Не зная, как ей дальше быть, она спросила у главного палача Алессандро, что ей делать дальше. Он велел ей сесть верхом на доску. Но это движение оскорбляло ее скромность, и прошло много времени, прежде чем она решилась его сделать. (Подробности, которые следуют в описании, предназначены для итальянцев, которым нужны самые точные сведения. Французскому читателю достаточно знать, что стыдливость привела лишь к тому, что эта бедная женщина поранила себе грудь.) Палач показал ее голову народу, а затем завернул в покрывало из черной тафты.
Пока приготовляли mannaia для молодой девушки, один из помостов, переполненных любопытными, обрушился, причем много людей погибло. Таким образом, они предстали перед господом раньше Беатриче. Когда Беатриче увидела, как хоругвь возвращается за ней к капелле, она с живостью спросила:
— Матушка уже умерла?
Ей ответили утвердительно; она стала на колени перед распятием и с жаром помолилась за упокой ее души; затем долго говорила вслух, обращаясь к распятию:
— Господи, ты принял смерть ради меня, и я с радостью последую за тобой, веруя, что в своем безграничном милосердии ты простишь мне мой смертный грех, — и т. д.

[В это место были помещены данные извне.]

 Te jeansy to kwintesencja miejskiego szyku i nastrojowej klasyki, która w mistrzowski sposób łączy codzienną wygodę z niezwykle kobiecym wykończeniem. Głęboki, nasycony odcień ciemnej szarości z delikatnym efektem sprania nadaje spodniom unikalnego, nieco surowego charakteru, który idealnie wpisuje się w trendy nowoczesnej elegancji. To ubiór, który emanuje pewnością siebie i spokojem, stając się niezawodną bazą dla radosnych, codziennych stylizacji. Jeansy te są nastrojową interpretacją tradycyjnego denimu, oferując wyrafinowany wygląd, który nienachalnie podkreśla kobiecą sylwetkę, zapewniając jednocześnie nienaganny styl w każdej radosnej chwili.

Затем она прочитала несколько псалмов и молитв во славу божию. Когда наконец перед ней появился палач с веревкой, она сказала:
— Свяжи это тело, которое должно быть казнено, и освободи душу, которая сподобится бессмертия и вечной славы.
Затем она встала, сотворила молитву, оставила свои туфли внизу лестницы, взошла на эшафот, ловко перекинула ногу через доску, положила голову под mannaia и сама заняла нужное положение, чтобы избежать прикосновения палача. Благодаря быстроте ее движений ей удалось в тот момент, когда с нее сняли покрывало из тафты, скрыть от взоров толпы свои обнаженные плечи и грудь. Удара сразу не последовало, так как произошла какая-то заминка. Все это время она громким голосом призывала Иисуса Христа и пресвятую деву[23]. Бедный Бернардо Ченчи, который тоже находился на эшафоте, снова упал в обморок, и его confortatori понадобилось добрых полчаса, чтобы привести его в чувство. Затем на эшафоте появился Джакомо Ченчи. Но здесь следует снова опустить слишком тягостные подробности. Джакомо был убит ударами дубины (mazzolato).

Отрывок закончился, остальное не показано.